Expressions using Themes (e.g. Collocations, IELTS, Business English)

Collocations With The Word Mouth

Collocations are words that usually go together in English.

Here we are going to look at words that go with 'mouth' to make useful and popular expressions you will hear in social and professional contexts.


Bad-mouth

When you 'bad-mouth' something or somebody, you criticize or speak negatively about them. As a noun, it can be used to refer to somebody who says negative or critical things about others.

Examples

  • I don't want to bad-mouth Claire's proposal, but it is naive at best.
  • Why are you always bad-mouthing Alex? He seems like a good guy to me.
  • Frank is a real bad-mouth. Don't take anything he says about people too seriously.


Loudmouth/big mouth

A 'loudmouth' or a 'big mouth' is somebody who talks a lot, especially in an indiscreet, rude, or unthinking way.

Examples

  • Sarah is a bit of a loudmouth. She gets on everybody's nerves in the office.
  • I can't stand working with David. He's such a big mouth!
  • I let slip the secret and now Paul is in trouble. Me and my big mouth!


Leave a bad taste in the mouth

If something 'leaves a bad taste in the mouth', it causes an unpleasant memory or lingering feeling.

Examples

  • The way I was fired from that company leaves a bad taste in my mouth. It was very unfair.
  • It's hard to forgive what happened. The whole situation leaves a bad taste in the mouth.
  • As a regular customer, for Brenda to be spoken to so rudely by a member of staff left a bad taste in her mouth. She will not be shopping there in future.


Mouth off (to/about) (something/somebody)

When you 'mouth off', you express your opinion in an annoying or offensive way. 

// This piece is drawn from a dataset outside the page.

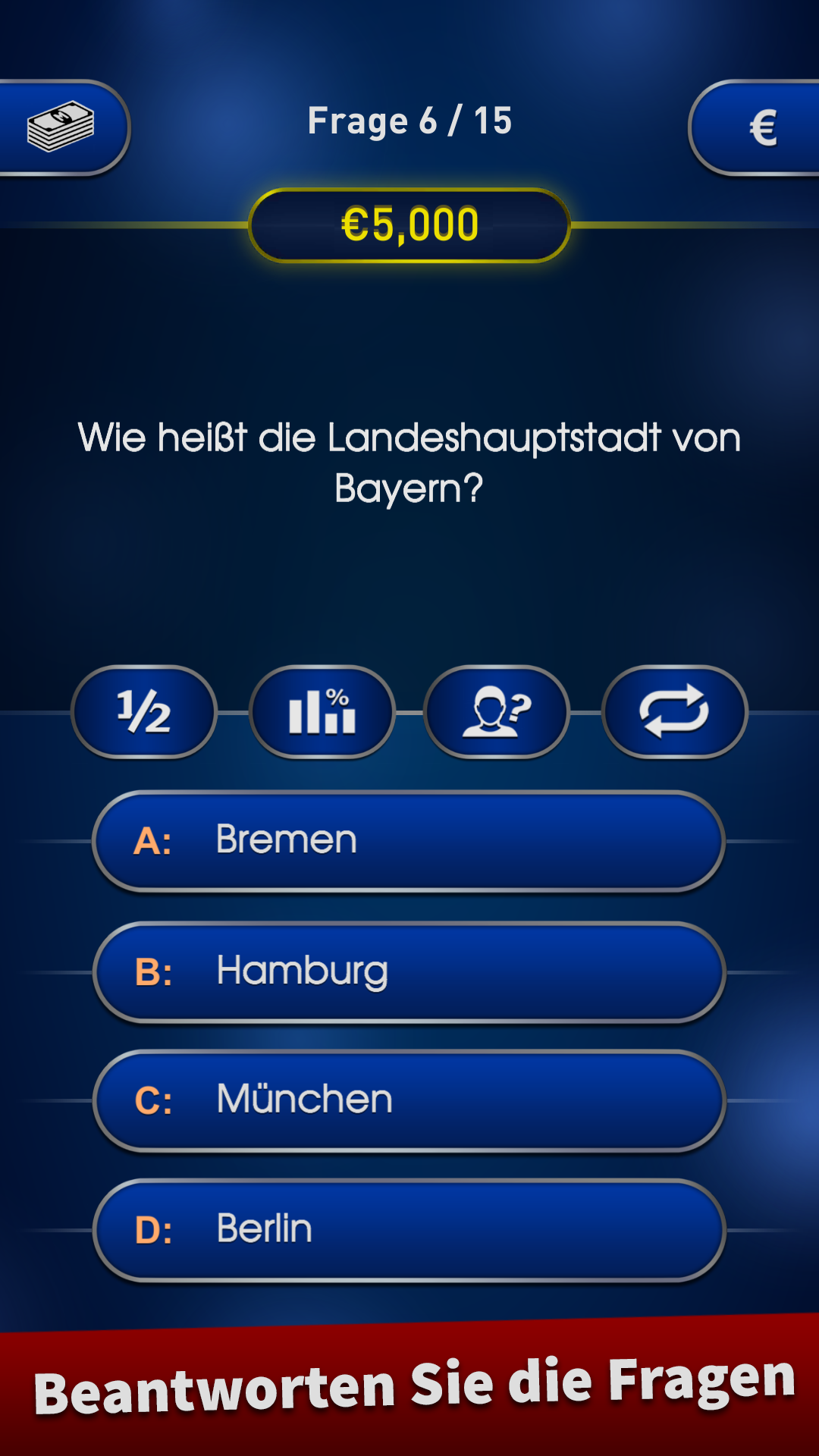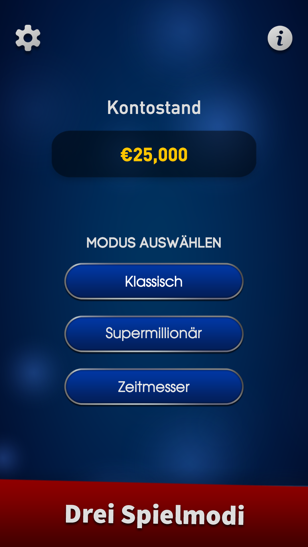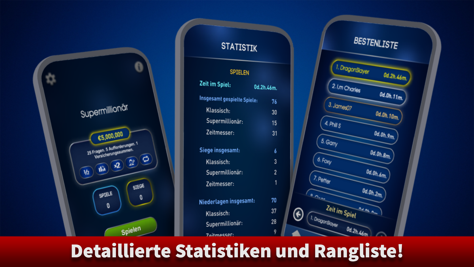 Ein brandneuer SUPERMILLIONER-Modus mit 25 Fragen, 5 Hinweisen und einem Hauptgewinn von 5 Millionen! So etwas haben Sie noch nie zuvor gesehen! Für Fans der klassischen Version des Spiels bieten wir einen Modus mit 15 Fragen und einem Gewinn von 1.000.000. Mit den gesammelten Punkten können Sie alle möglichen Dinge, Fahrzeuge und sogar Immobilien kaufen! Millionär 2025: Deutsche Trivia Quiz - die kostenlose Quiz App für jedes Alter! Jetzt mit täglich neuen Fragen und neuem Design! Überprüfe und verbessere dein Allgemeinwissen mit über 15.000 Quiz Fragen aus 10 verschiedenen Themengebieten. Millionär Trivia 2026 Quiz ist das unterhaltsame Trivia-Spiel, bei dem Sie eine unbegrenzte Anzahl von Fragen erhalten, die nirgendwo anders zu finden sind. Diese Version des Quiz hat viele Vorteile. Eine praktische und schöne Oberfläche, Tausende von neuesten, interessanten Fragen, coole Animationen und Soundeffekte ermöglichen es Ihnen, in die Atmosphäre des Strebens nach dem begehrten Titel „Millionär“ einzutauchen. Das Quiz ist auch für Kinder geeignet, die ersten Stufen sind überhaupt nicht schwierig und selbst die Kleinsten finden die richtigen Antworten. Es macht besonders Spaß, mit der ganzen Familie zu spielen und dabei neue Dinge zu lernen! Das Spiel beginnt mit einfachen Fragen und mit jedem neuen Level wechseln Sie zu schwierigeren. Je gelehrter du bist und richtig antwortest, desto mehr Geld bekommst du im Spiel. Nur 15 Levels, der letzte Preis ist eine Million! Die letzten Runden können sehr schwierig sein, es ist schwierig, die richtige Antwort zu finden, und um zu gewinnen, müssen Sie Ihren Intellekt wirklich einschalten und Glück haben. Außerdem benötigt das Spiel kein Internet und ist völlig kostenlos. Millionär Trivia доступен на большинстве языков. -ein Trivia-Spiel, um Ihren IQ und Ihr Allgemeinwissen zu testen -wertvolle Informationsquelle -unterhaltsame Fragen für alle Interessenskategorien -eine großartige Möglichkeit, Ihre Freunde und andere Spieler zu einem Wettbewerb um die höchsten Plätze herauszufordern -eine schöne Möglichkeit, Ihr Gedächtnis zu trainieren -mehr als 15.000 Fragen aus verschiedenen Bereichen, Kategorien und Schwierigkeitsgraden, wöchentlich aktualisiert. Installieren Sie Millionär Trivia und antworten Sie auf Trivia-Fragen, lesen Sie interessante Erläuterungen, bilden Sie sich! Knackst du die Million? Werden Sie Millionär 2026!! Wir wünschen dir viel Glück!
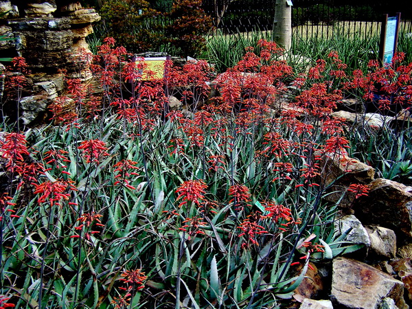 原产非洲热带干旱地区的芦荟在华南地区大都在2-3月份开花。异色芦荟开花性状很整齐,花期一到,齐刷刷地伸出花茎,美丽的红花密密地长在细长的花茎上。成片种植的异色芦荟开花构成一道独特的风景线,放眼望去,红艳艳的一片,灿烂无比,非常醒目,把大地装扮得热闹非凡。单朵小花钟状下垂,尖端开裂,伸出黄色的花芯,像美丽的小喇叭,微风中轻轻摆动,风姿绰约,楚楚动人。

  • Why did you have to mouth off to the boss like that? I wouldn't be surprised if he fires you.
  • I hear Jack has been mouthing off to you about me again. I don't know what his problem is.
  • Eddie mouthed off about having to work late, so I told him to be quiet and get on with it.


Mouth (something)

When you 'mouth something', you form words with your mouth but do not make a sound. It is usually done when you are trying to tell somebody something without others hearing.

Examples

  • In the meeting, Sandra mouthed something to me, but I couldn't make out what it was.
  • When the teacher asked me the question, I couldn't think of the answer. Luckily, Gary managed to mouth it to me in time.
  • After I beeped him, the driver of the other vehicle started mouthing obscenities at us.